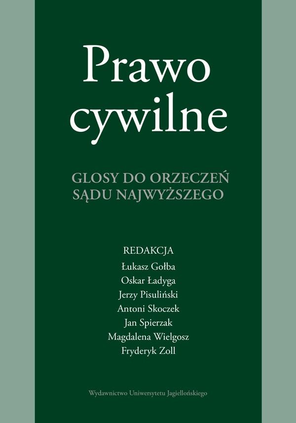 Przedkładany Czytelnikom zbiór glos do ośmiu orzeczeń Sądu Najwyższego stanowi wynik pracy w ramach seminarium magisterskiego prowadzonego przez Jerzego Pisulińskiego oraz Fryderyka Zolla. Glosy dotyczą zagadnień kontrowersyjnych. Nie tylko prezentują stanowiska dotyczące prawa cywilnego, które wymagają pogłębionej dyskusji, ale też ujawniają określony sposób argumentacji Sądu Najwyższego, warty krytycznego spojrzenia i refleksji. Glosy zostały starannie wyselekcjonowane i stanowią wynik pogłębionej dyskusji nad ich kolejnymi wersjami.
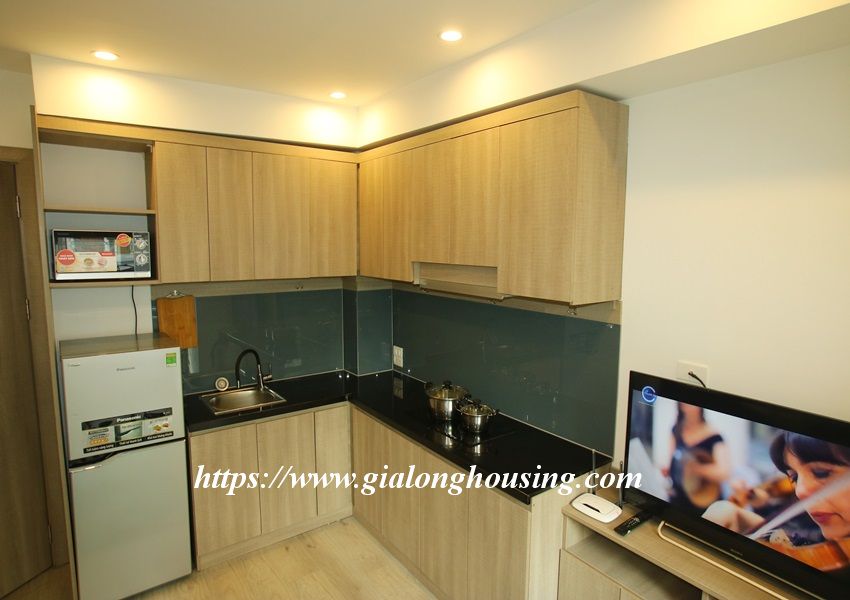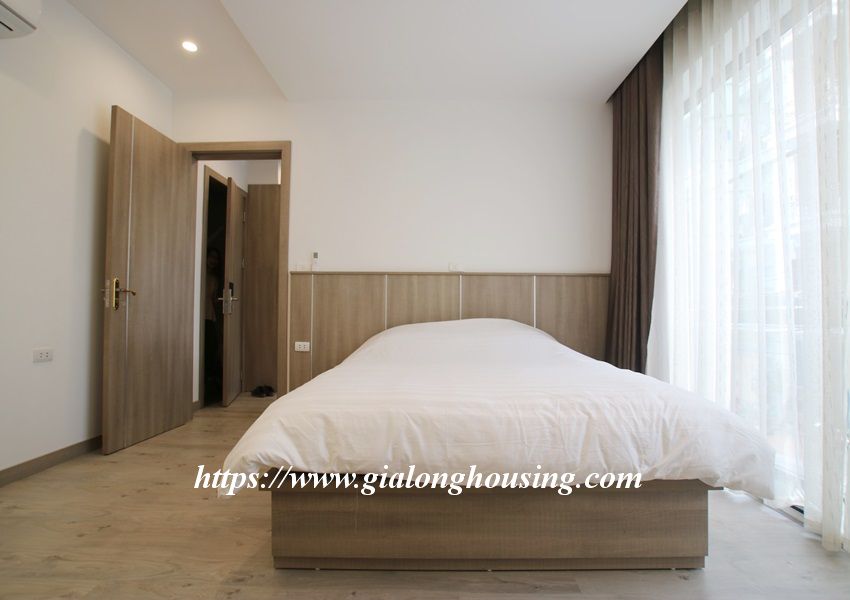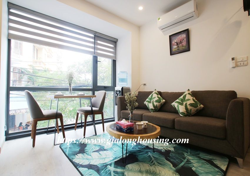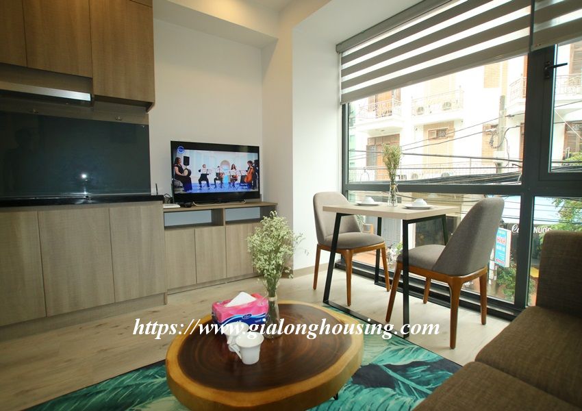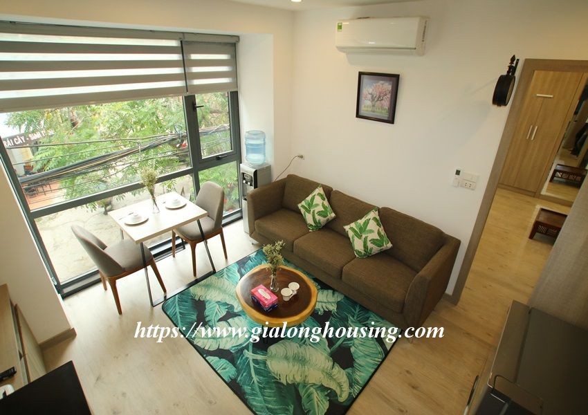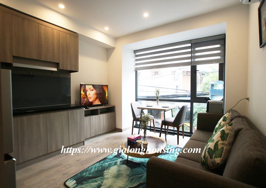 This is one fully furnished bedroom apartment for rent in Hoang Quoc Viet. It is very new with modern and beautiful furniture. All the rooms are bright with large glass windows. The total area is 55 sq m. The rent includes: high speed internet, tap water and cable TV.
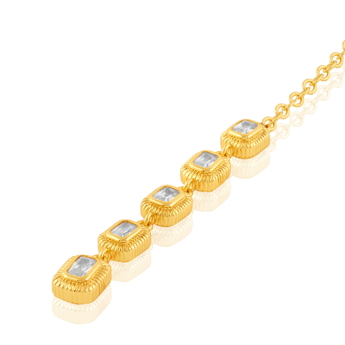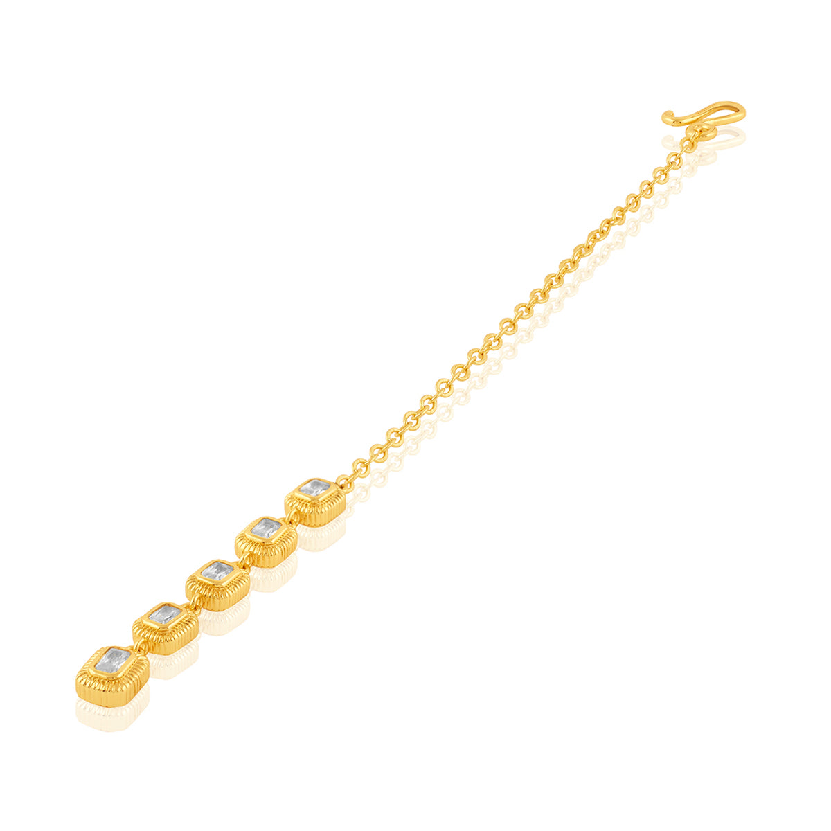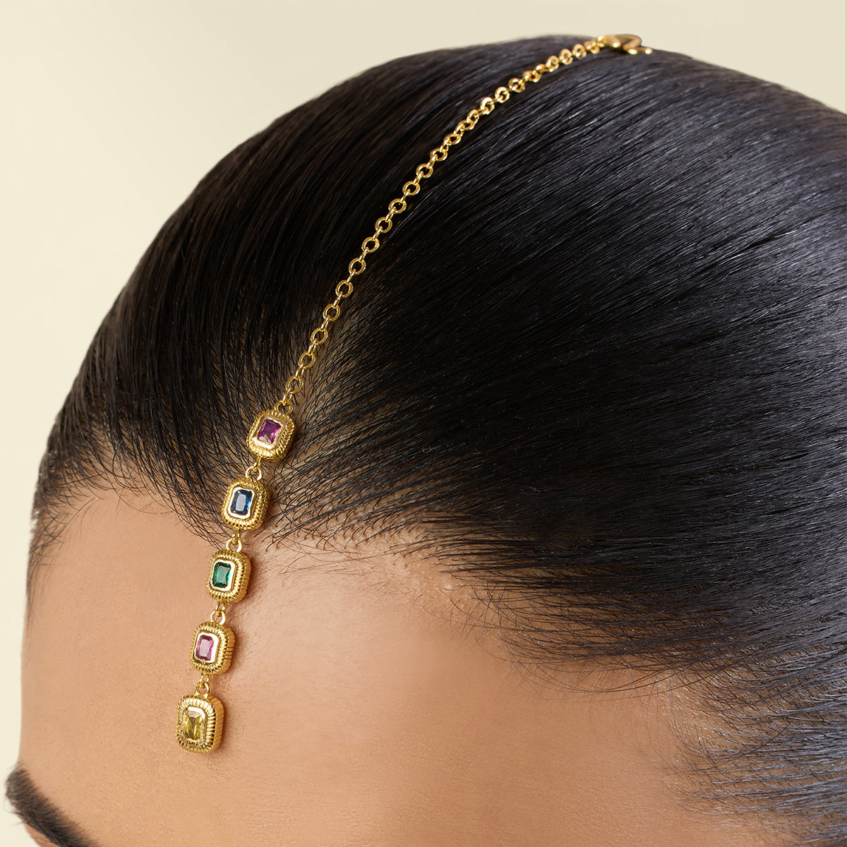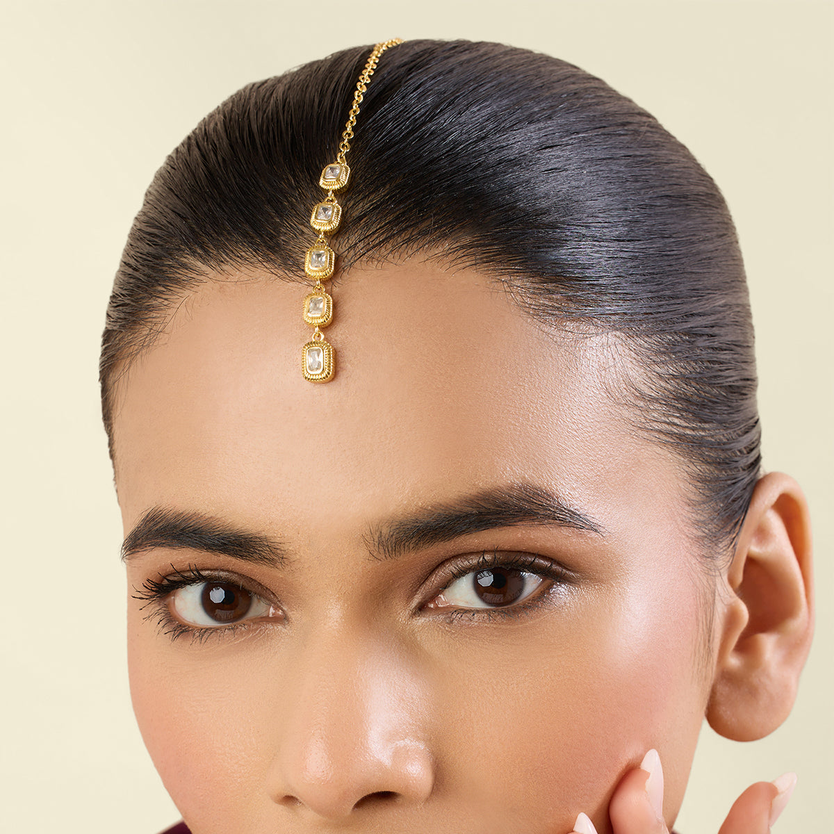 Crown your look with brilliance. This gold-and-white maang tikka, crafted in brass with 18k plating and crystal zirconia, reimagines temple motifs as future heirlooms. A versatile festive jewel for weddings, parties, or pujas. Style it solo or stack it bold. Shop now.
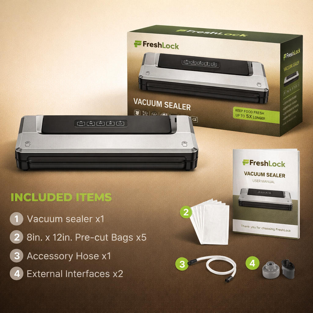 Every FreshLock comes with the vacuum sealer machine, 5 pre-cut vacuum bags, 1 external accessory hose, 2 external interfaces, and a detailed tutorial guide. It's backed by a full 3-year quality commitment — that's three times the industry standard 1-year warranty.
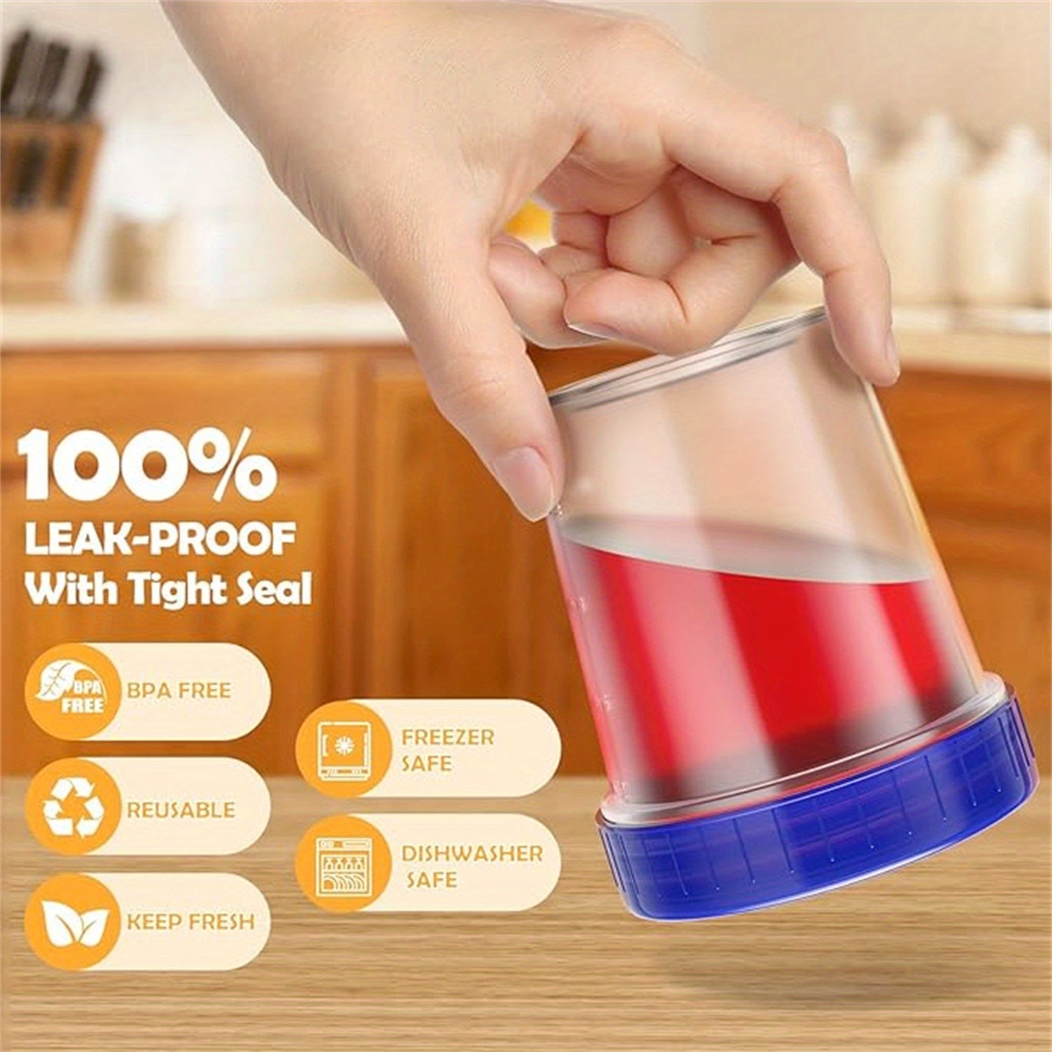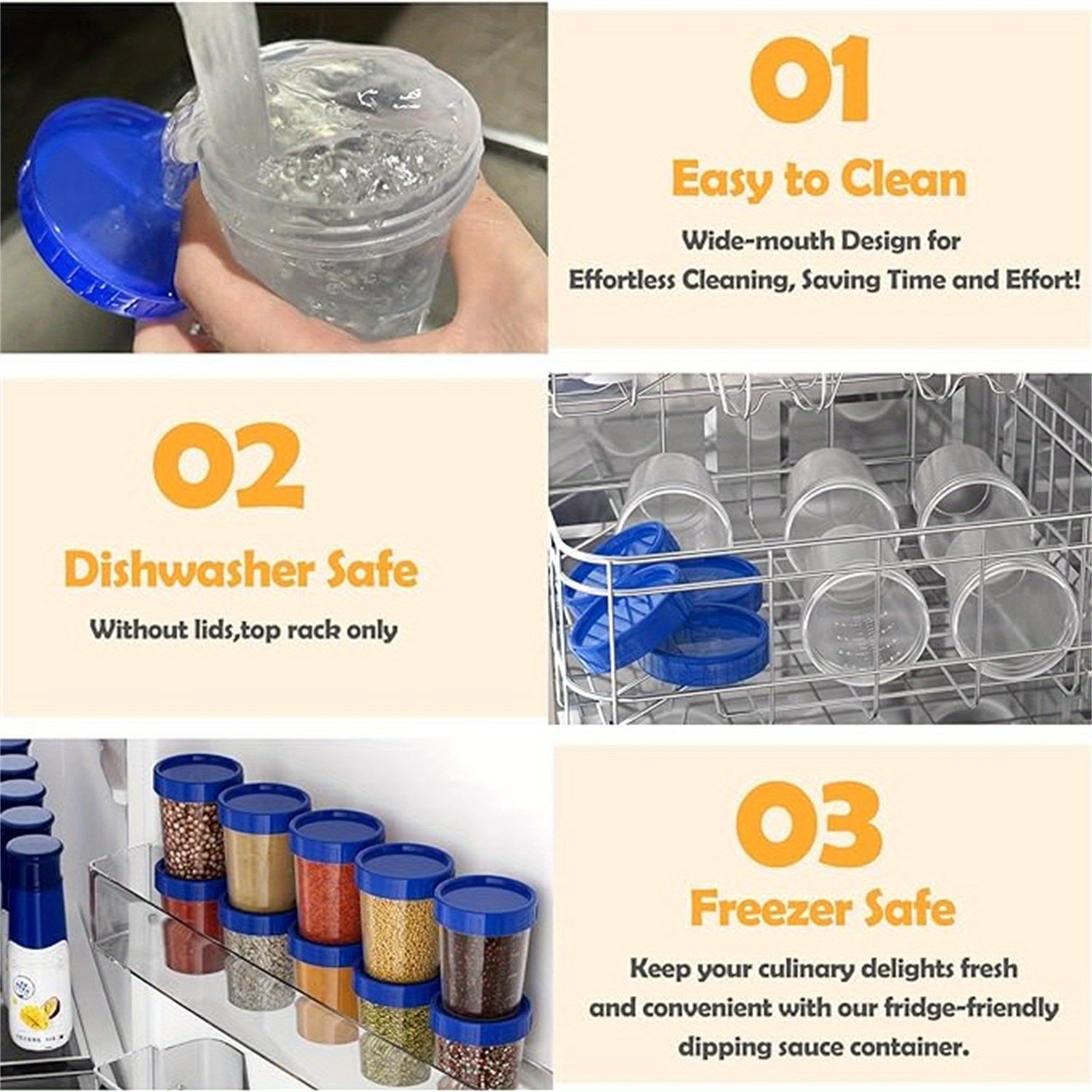 10 dona oqmas salat soslari idishlari, burama qopqoq bilan, har biri 4oz sig‘imga ega - qayta ishlatiladigan, to‘plangan plastikdan tayyorlangan, snacklar va ketchup uchun mukammal - oshxonada muzlatgichda saqlash uchun mos.

● **Exercise details**
Nothing but an exact copy belongs in the answer: the lines from the top of the records through the line containing "Crown your look", minus the pictures.

● **Response below**
 Przedkładany Czytelnikom zbiór glos do ośmiu orzeczeń Sądu Najwyższego stanowi wynik pracy w ramach seminarium magisterskiego prowadzonego przez Jerzego Pisulińskiego oraz Fryderyka Zolla. Glosy dotyczą zagadnień kontrowersyjnych. Nie tylko prezentują stanowiska dotyczące prawa cywilnego, które wymagają pogłębionej dyskusji, ale też ujawniają określony sposób argumentacji Sądu Najwyższego, warty krytycznego spojrzenia i refleksji. Glosy zostały starannie wyselekcjonowane i stanowią wynik pogłębionej dyskusji nad ich kolejnymi wersjami.
 This is one fully furnished bedroom apartment for rent in Hoang Quoc Viet. It is very new with modern and beautiful furniture. All the rooms are bright with large glass windows. The total area is 55 sq m. The rent includes: high speed internet, tap water and cable TV.
 Crown your look with brilliance. This gold-and-white maang tikka, crafted in brass with 18k plating and crystal zirconia, reimagines temple motifs as future heirlooms. A versatile festive jewel for weddings, parties, or pujas. Style it solo or stack it bold. Shop now.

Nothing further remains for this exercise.